Tolé Madna was born on 5 December 1898 on the island of Java in the Dutch East Indies. He and his family immigrated to The Hague in The Netherlands in 1916. Later, when his family returned to the Indies, Tolé decided to stay in The Hague and found work. In 1926, he married a Dutch woman, Johanna van der Roest, with whom he had three children. Tolé and Johanna later divorced.

In September 1942, about two years after Nazi Germany invaded the Netherlands, Johanna was contacted by her Jewish neighbor, Gitla Münzer. The Münzer family, consisting of Gitla and her husband, Simche, along with their three children, Eva, Leah, and Alfred, needed to go into hiding, as the German authorities began rounding up Jews. Gitla asked Johanna to shelter Alfred, then 10 months old. Simche was in hiding in a psychiatric hospital, while Eva and Leah were placed with the friend of a neighbor. After Johanna determined that Alfred was not safe hiding with her, she turned to her ex-husband, Tolé, who agreed to take him in to his care.

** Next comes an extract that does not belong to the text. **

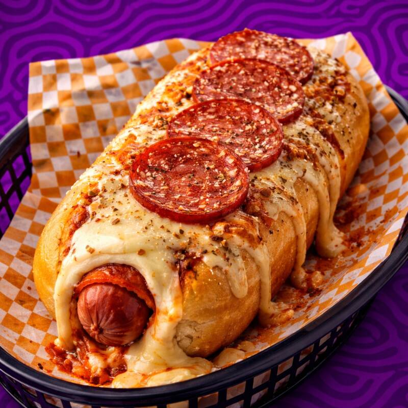 Una locura estilo pizza en versión dogo 🤤🔥 Salchicha envuelta en tocino dentro de pan jumbo, bañada en salsa pizzera especial, queso mozzarella derretido y coronada con pepperoni doradito y un toque de parmesano.
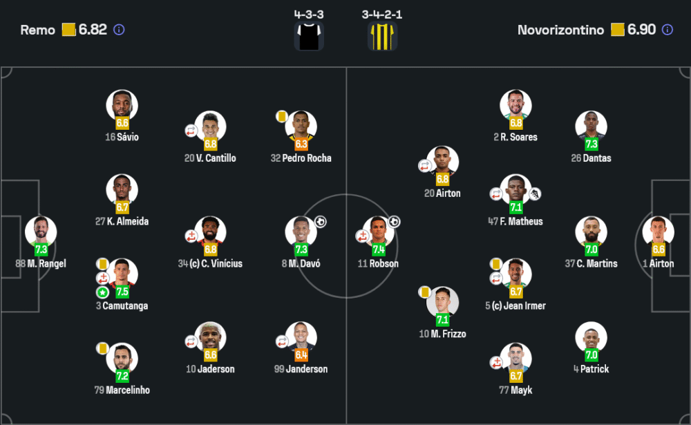 ครึ่งแรก เรโม เปิดฉากมาแบบร้อนแรงเพียงนาทีที่ 10 เจ้าถิ่นก็ได้ประตูออกนำก่อนจากลูกยิงของ มาเธอุส ดาวอ ฟากทีมเยือนยังไม่ยอมง่ายๆ พยายามบุกโต้กลับอย่างต่อเนื่องจนกระทั่งช่วงทดเจ็บครึ่งแรกนาที 45 โรบสัน สวมบทฮีโร่ยิงตีเสมอให้ โนโวริซอนติโน่ กลับมาสู่เกม ครึ่งแรกจบด้วยสกอร์ 1-1

Together with his housekeeper, Mima Saïna, Tolé treated Alfred as one of his own children. Alfred would later recount:

"They shared their meager food allowance with me because I did not legally exist and was not entitled to ration coupons. They made sure I did not ever come near a window for fear that passersby might see a very different looking child. I slept in Mima’s bed and she kept a knife under her pillow vowing to kill any Nazi who might come to get me. But what I remember most, is being surrounded by love and laughter."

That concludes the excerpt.